**WORK REQUIRED**. An exact copy of the data is required; the images should not appear in it.

**AVAILABLE DATA**.
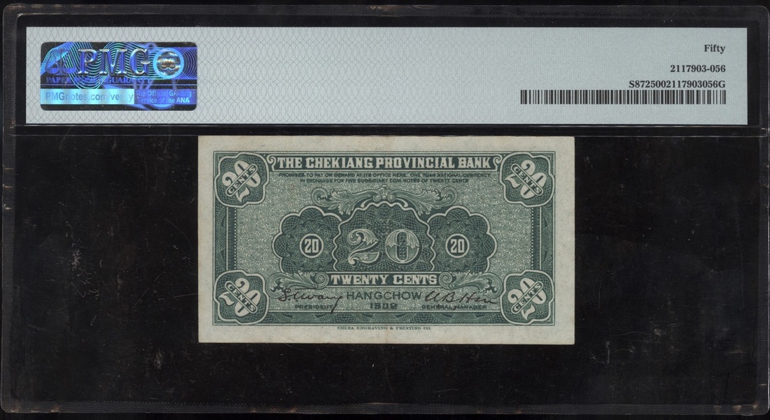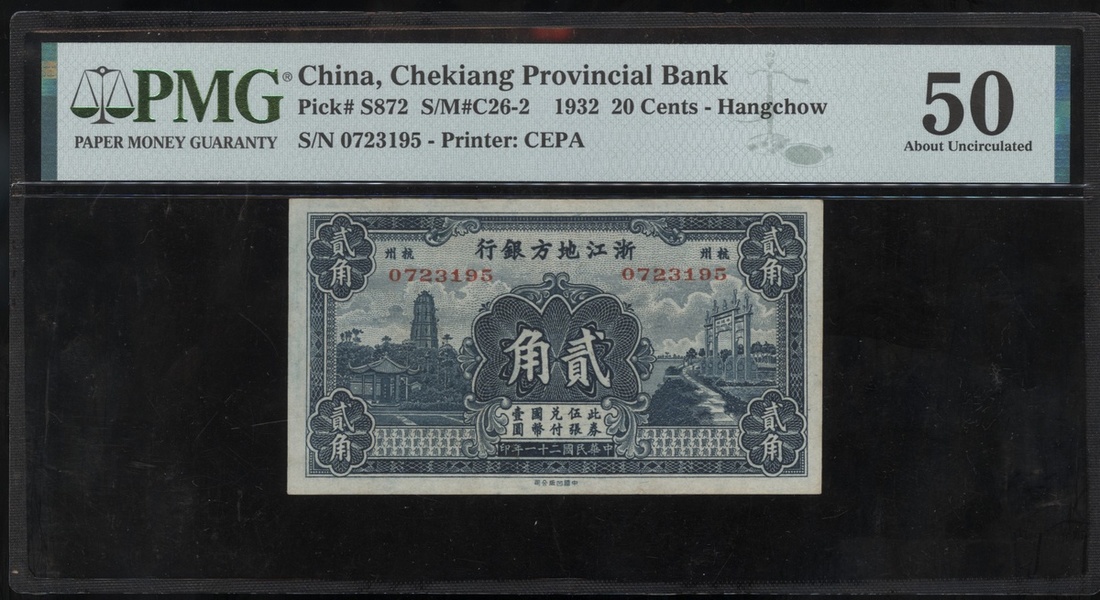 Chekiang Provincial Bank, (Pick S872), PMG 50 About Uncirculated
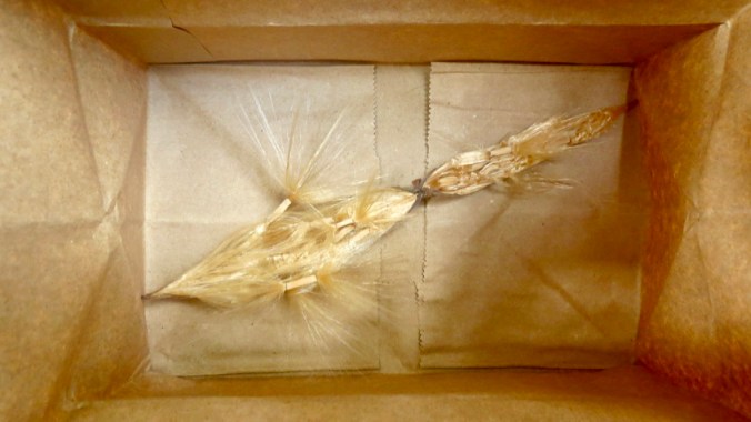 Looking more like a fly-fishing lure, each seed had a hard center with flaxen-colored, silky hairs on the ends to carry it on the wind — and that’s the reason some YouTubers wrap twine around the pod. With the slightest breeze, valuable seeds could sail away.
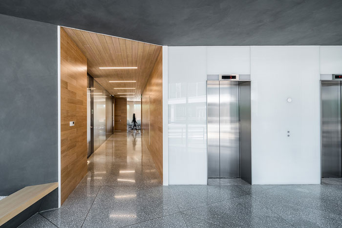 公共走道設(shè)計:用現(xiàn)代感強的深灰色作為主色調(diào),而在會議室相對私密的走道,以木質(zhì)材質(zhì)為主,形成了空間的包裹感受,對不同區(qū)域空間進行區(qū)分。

**WRITTEN SOLUTION**.
 Chekiang Provincial Bank, (Pick S872), PMG 50 About Uncirculated
 Looking more like a fly-fishing lure, each seed had a hard center with flaxen-colored, silky hairs on the ends to carry it on the wind — and that’s the reason some YouTubers wrap twine around the pod. With the slightest breeze, valuable seeds could sail away.
 公共走道設(shè)計:用現(xiàn)代感強的深灰色作為主色調(diào),而在會議室相對私密的走道,以木質(zhì)材質(zhì)為主,形成了空間的包裹感受,對不同區(qū)域空間進行區(qū)分。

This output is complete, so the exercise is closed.